◆ Exercise directions
Would you please restate all of the entries exactly, apart from the pictures?

◆ Record excerpts
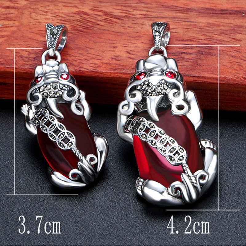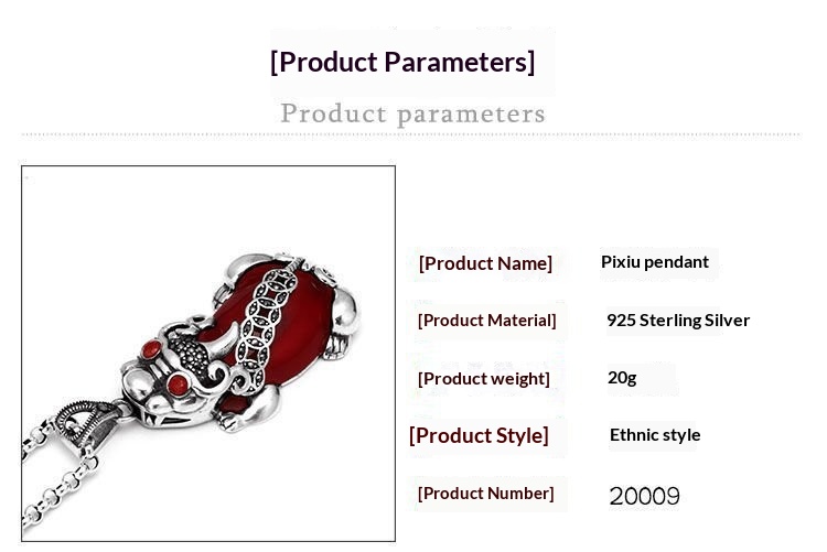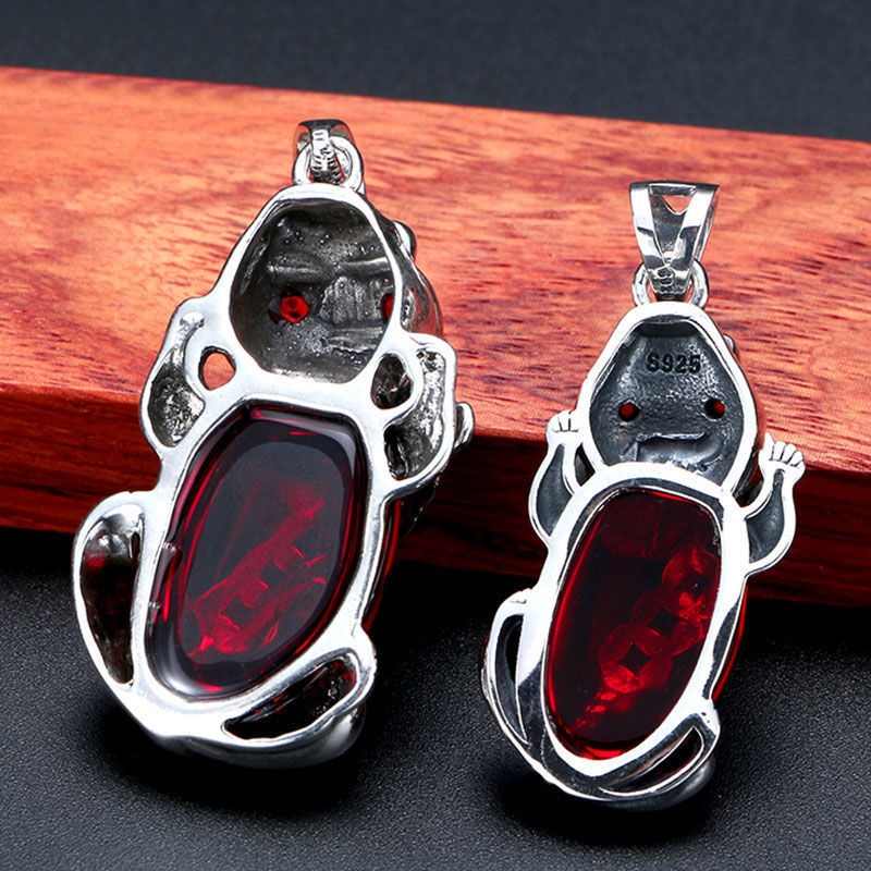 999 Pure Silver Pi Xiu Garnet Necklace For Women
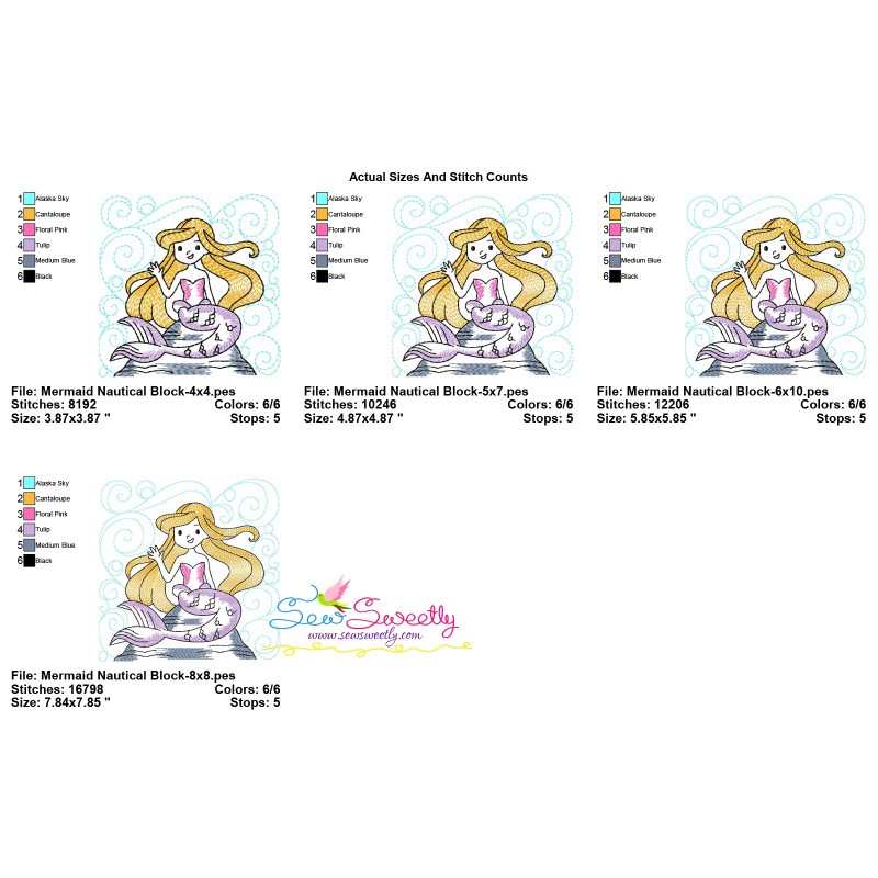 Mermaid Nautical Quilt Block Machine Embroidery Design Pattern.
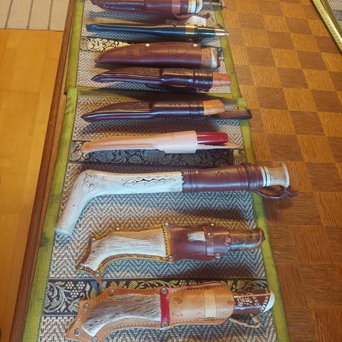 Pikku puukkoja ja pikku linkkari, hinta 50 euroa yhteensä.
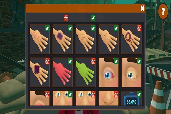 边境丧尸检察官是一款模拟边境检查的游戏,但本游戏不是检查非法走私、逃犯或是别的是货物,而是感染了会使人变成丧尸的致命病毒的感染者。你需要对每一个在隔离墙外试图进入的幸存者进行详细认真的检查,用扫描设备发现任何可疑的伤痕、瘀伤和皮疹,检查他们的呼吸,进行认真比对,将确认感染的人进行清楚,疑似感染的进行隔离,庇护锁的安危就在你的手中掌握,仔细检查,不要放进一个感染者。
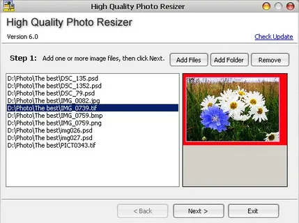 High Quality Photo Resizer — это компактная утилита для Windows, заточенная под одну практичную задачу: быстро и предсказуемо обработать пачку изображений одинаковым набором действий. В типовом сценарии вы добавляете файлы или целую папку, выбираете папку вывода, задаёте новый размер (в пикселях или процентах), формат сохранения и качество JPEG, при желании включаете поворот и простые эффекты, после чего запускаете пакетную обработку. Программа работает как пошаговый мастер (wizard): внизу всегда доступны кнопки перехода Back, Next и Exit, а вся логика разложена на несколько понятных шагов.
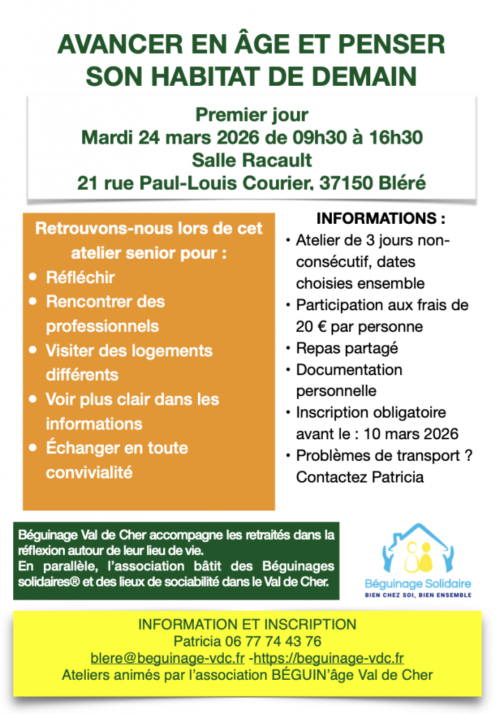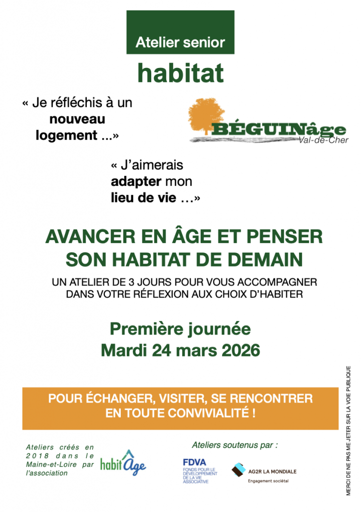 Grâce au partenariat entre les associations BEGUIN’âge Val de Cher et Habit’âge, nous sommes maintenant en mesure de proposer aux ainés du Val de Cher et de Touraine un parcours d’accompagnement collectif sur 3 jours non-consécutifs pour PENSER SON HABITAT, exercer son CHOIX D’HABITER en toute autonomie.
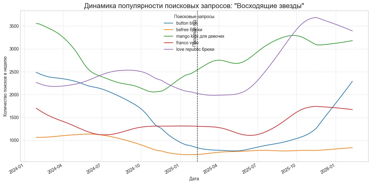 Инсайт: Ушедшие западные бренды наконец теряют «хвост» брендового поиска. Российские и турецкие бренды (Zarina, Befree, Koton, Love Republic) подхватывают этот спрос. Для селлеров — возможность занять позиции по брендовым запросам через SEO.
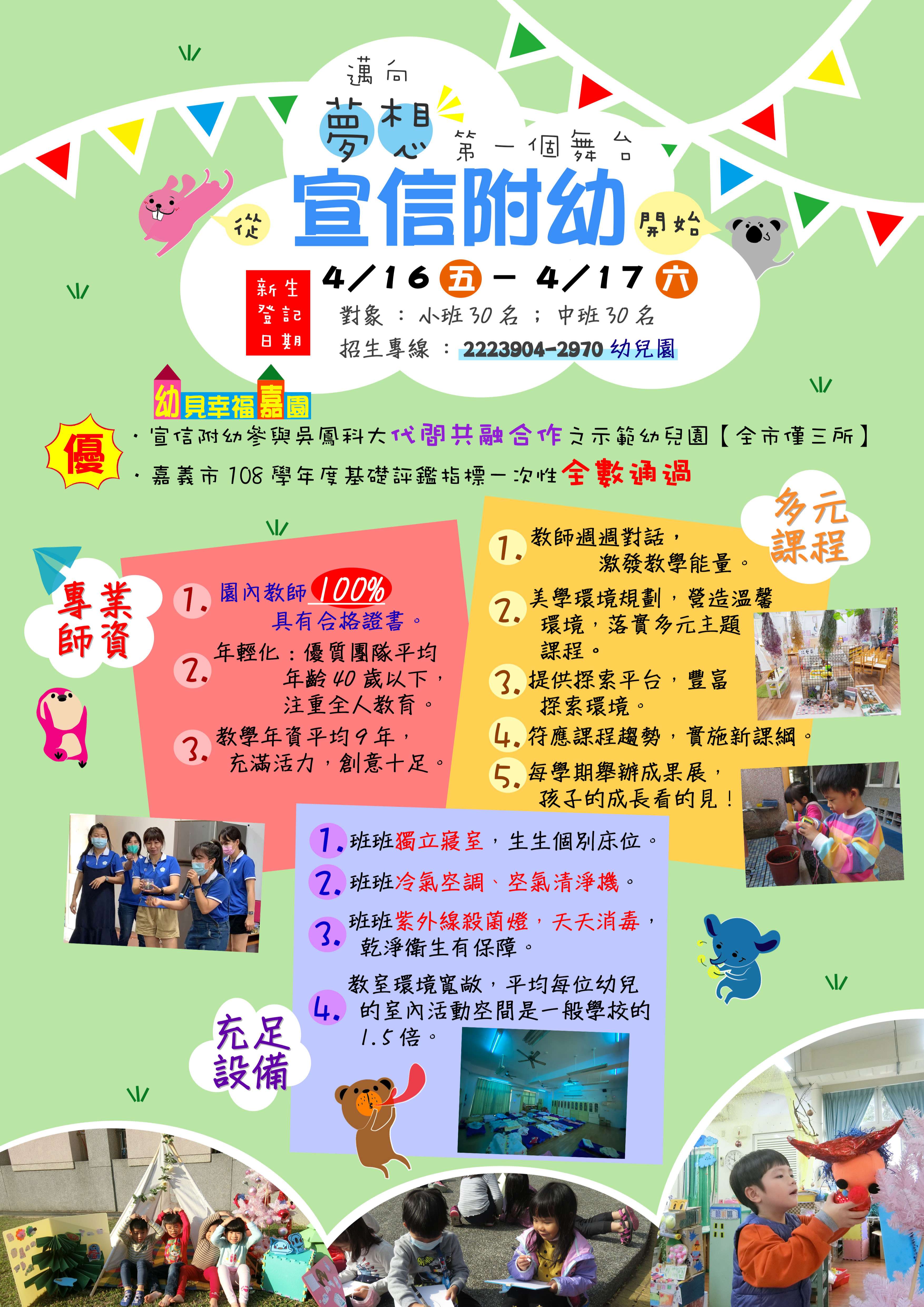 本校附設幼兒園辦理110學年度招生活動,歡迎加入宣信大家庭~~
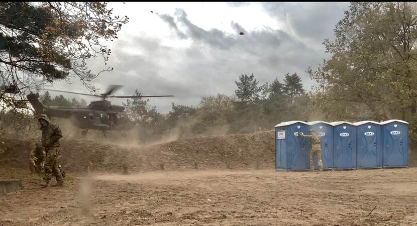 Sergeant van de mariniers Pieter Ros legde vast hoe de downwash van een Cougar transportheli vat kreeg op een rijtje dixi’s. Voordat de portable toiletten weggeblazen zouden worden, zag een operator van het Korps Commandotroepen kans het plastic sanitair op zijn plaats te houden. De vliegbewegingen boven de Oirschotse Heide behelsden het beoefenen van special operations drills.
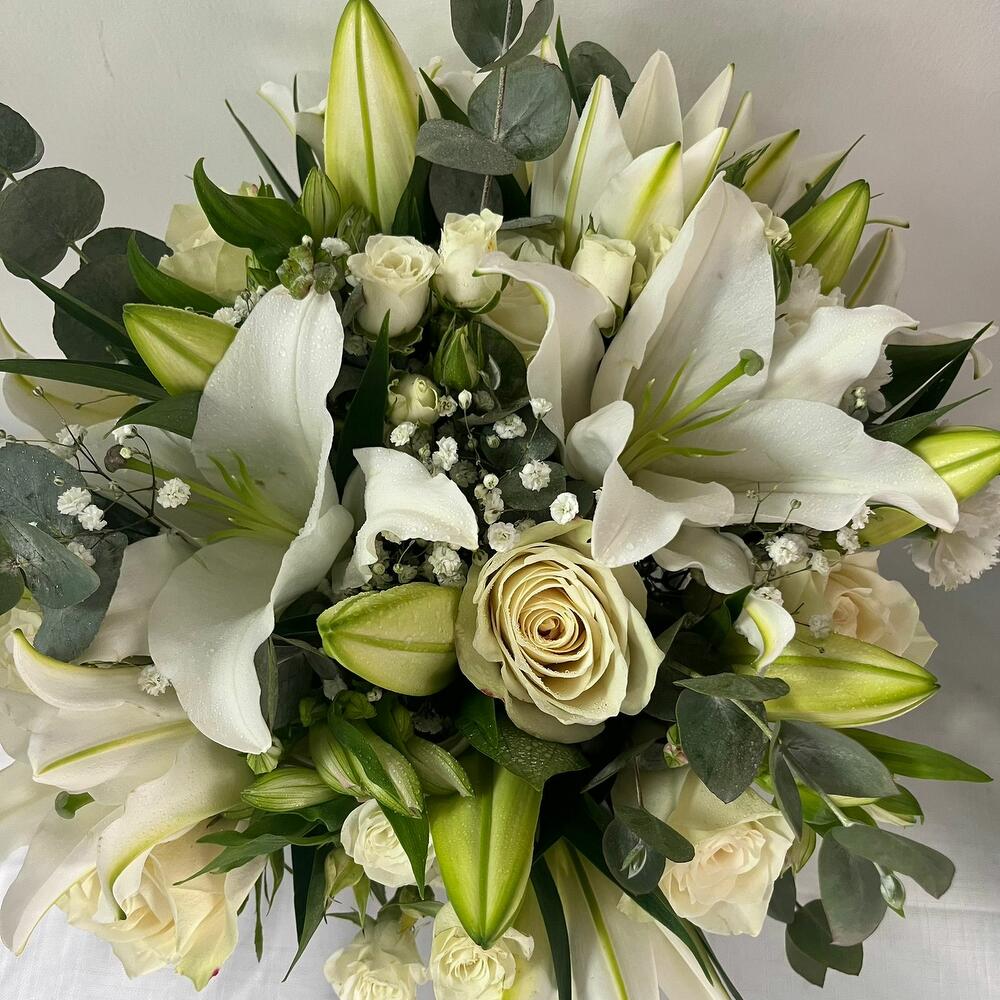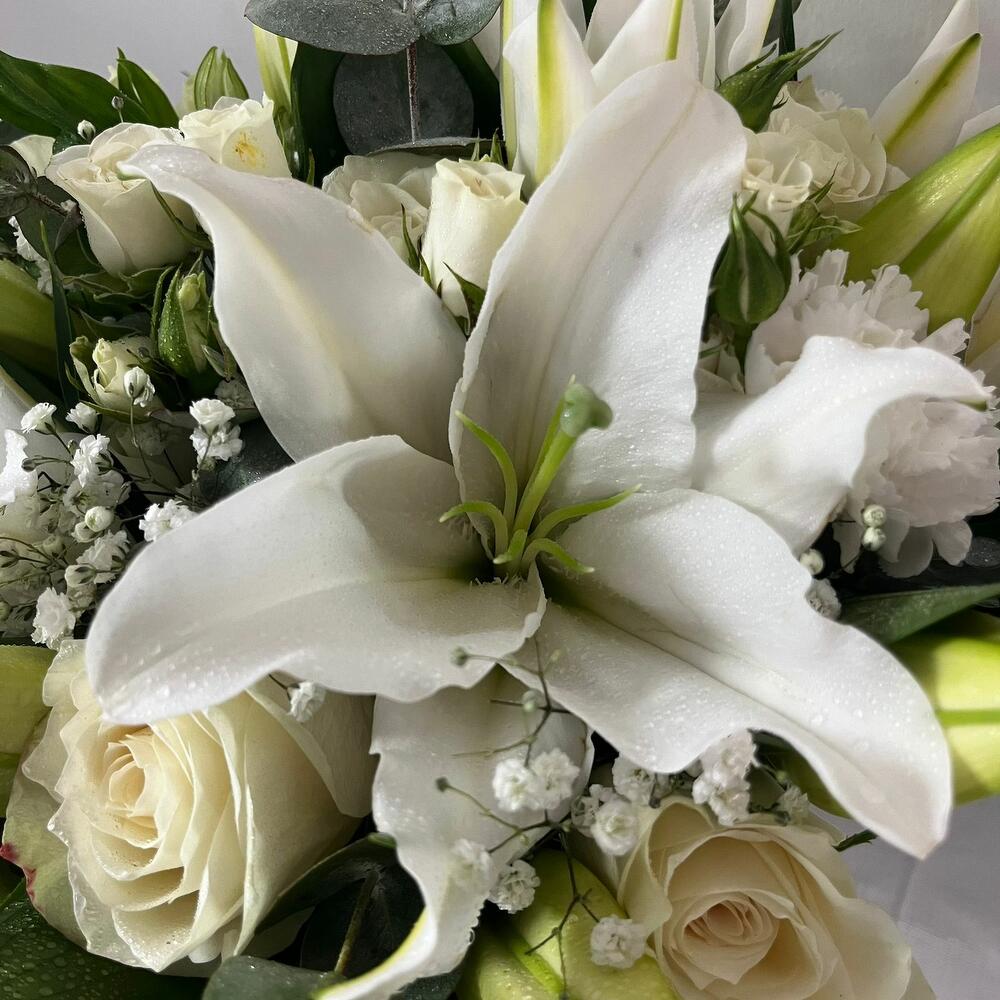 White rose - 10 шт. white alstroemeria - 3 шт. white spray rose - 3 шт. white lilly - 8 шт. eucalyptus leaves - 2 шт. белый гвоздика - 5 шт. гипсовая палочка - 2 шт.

◆ Result for this task
 999 Pure Silver Pi Xiu Garnet Necklace For Women
 Mermaid Nautical Quilt Block Machine Embroidery Design Pattern.
 Pikku puukkoja ja pikku linkkari, hinta 50 euroa yhteensä.
 边境丧尸检察官是一款模拟边境检查的游戏,但本游戏不是检查非法走私、逃犯或是别的是货物,而是感染了会使人变成丧尸的致命病毒的感染者。你需要对每一个在隔离墙外试图进入的幸存者进行详细认真的检查,用扫描设备发现任何可疑的伤痕、瘀伤和皮疹,检查他们的呼吸,进行认真比对,将确认感染的人进行清楚,疑似感染的进行隔离,庇护锁的安危就在你的手中掌握,仔细检查,不要放进一个感染者。
 High Quality Photo Resizer — это компактная утилита для Windows, заточенная под одну практичную задачу: быстро и предсказуемо обработать пачку изображений одинаковым набором действий. В типовом сценарии вы добавляете файлы или целую папку, выбираете папку вывода, задаёте новый размер (в пикселях или процентах), формат сохранения и качество JPEG, при желании включаете поворот и простые эффекты, после чего запускаете пакетную обработку. Программа работает как пошаговый мастер (wizard): внизу всегда доступны кнопки перехода Back, Next и Exit, а вся логика разложена на несколько понятных шагов.
 Grâce au partenariat entre les associations BEGUIN’âge Val de Cher et Habit’âge, nous sommes maintenant en mesure de proposer aux ainés du Val de Cher et de Touraine un parcours d’accompagnement collectif sur 3 jours non-consécutifs pour PENSER SON HABITAT, exercer son CHOIX D’HABITER en toute autonomie.
 Инсайт: Ушедшие западные бренды наконец теряют «хвост» брендового поиска. Российские и турецкие бренды (Zarina, Befree, Koton, Love Republic) подхватывают этот спрос. Для селлеров — возможность занять позиции по брендовым запросам через SEO.
 本校附設幼兒園辦理110學年度招生活動,歡迎加入宣信大家庭~~
 Sergeant van de mariniers Pieter Ros legde vast hoe de downwash van een Cougar transportheli vat kreeg op een rijtje dixi’s. Voordat de portable toiletten weggeblazen zouden worden, zag een operator van het Korps Commandotroepen kans het plastic sanitair op zijn plaats te houden. De vliegbewegingen boven de Oirschotse Heide behelsden het beoefenen van special operations drills.
 White rose - 10 шт. white alstroemeria - 3 шт. white spray rose - 3 шт. white lilly - 8 шт. eucalyptus leaves - 2 шт. белый гвоздика - 5 шт. гипсовая палочка - 2 шт.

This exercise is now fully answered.